The more I learn about writing a novel, the more I realise I don’t know. And the more I realise I don’t know, the more vulnerable I am to trying to know more instead of writing more. Which is leading me to the added problem of knowing so much about the novel I have yet to write, that it may no longer interest me.
This is where I’m heading. Though I do not say this as an expression of regret. While frustrating, it is also proving to be fascinating. My story, ‘Hidden Messages’ is now almost entirely clear to me. I have written three thousand words of plans and summaries. It’s coherent, structured and I think it has the potential to hold the attention of the reader.
The problem is, the more I delve into it, the more I understand how it must follow a certain path. The more I feel bogged down in, if you will, editing before the fact. I am seeking to hone it to perfect sharpness, before forging it.

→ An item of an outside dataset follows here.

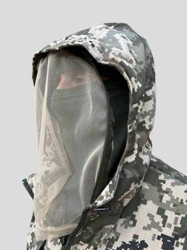 Захисний костюм від комах, який створювався під завдання, пов’язані з ризиком отримання укусів кровососучих та інших комах. Він відмінно захищає від комарів і мошок. Але не тільки від них. Комплект – куртка і штани – оснащені пастками від кліщів, тож і цим паразитам ви не дасте й найменшого шансу. Крім того, скрізь, де в цьому є потреба, зроблені еластичні вставки, для щільного прилягання до тіла. Це манжети рукавів, низ куртки, пояс штанів і низ штанин. Капюшон теж регулюється за овалом обличчя і глибиною. За необхідності, обличчя можна закривати москітною сіткою. За непотрібністю вона ховається в спеціальну кишеню на капюшоні.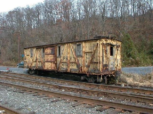 Comment: PRR 499327. A MOW X23 boxcar shot in Enola Yard, November 2004. Photo by Steve Agostini

And I say this again, this is not a source of regret. I wish I had undertaken this process before writing my previous novel. I think it would’ve been a better novel for it. I may have saved myself a year of plodding and dead ends. Or, and this is what concerns me about ‘Hidden Messages’ it may have remained unwritten as I tried to perfect it before writing it.
I’ll say this for the third time, though it screams of too much protesting, I do not regret this. I don’t regret it for three reasons. The first reason being that if and when I write this novel, it will be a novel. It will be a novel that from the first draft to the last, will require less hacking at than the application of polish. The terror of the rewrite need not sap my resolve.
Secondly, the novel I write after this will be better. I already know its name. I already know the characters. And even though it will be more complex than this one, armed with what I’ve already learned, I know how best to grapple with it. Precipitous pitfalls are replaced by scalable precipices.
Lastly and most importantly, I feel like a writer again. For a long time, I felt like an imposter whenever I saw my Twitter profile. Or worse, when anyone asked how the writing was going. I hadn’t realised I was not fully recovered from the disappointment of my previous novel.
I’d always regarded myself as thick-skinned. I’m not. I crave success and recognition. When that didn’t happen, I took it personally. There’s nothing wrong with that, but I didn’t realise the bang my ego and confidence had taken. I couldn’t understand why I was finding writing a second novel so difficult.
Intellectually, I knew rejection is nine-tenths of the writing experience but I had no defences against it. The only downside to being a cocky and self-entitled man, I suppose. I know that if and when ‘Hidden Messages’ fails to bring me status and riches I’ll be crushed. But I’ll know it is happening. I’ll be prepared. I’ll have already begun novel three. I have to do this because I already know what novels, four, five, six, seven, eight, nine and ten are. And the only thing, right now, that’s preventing me from writing them is writing this one.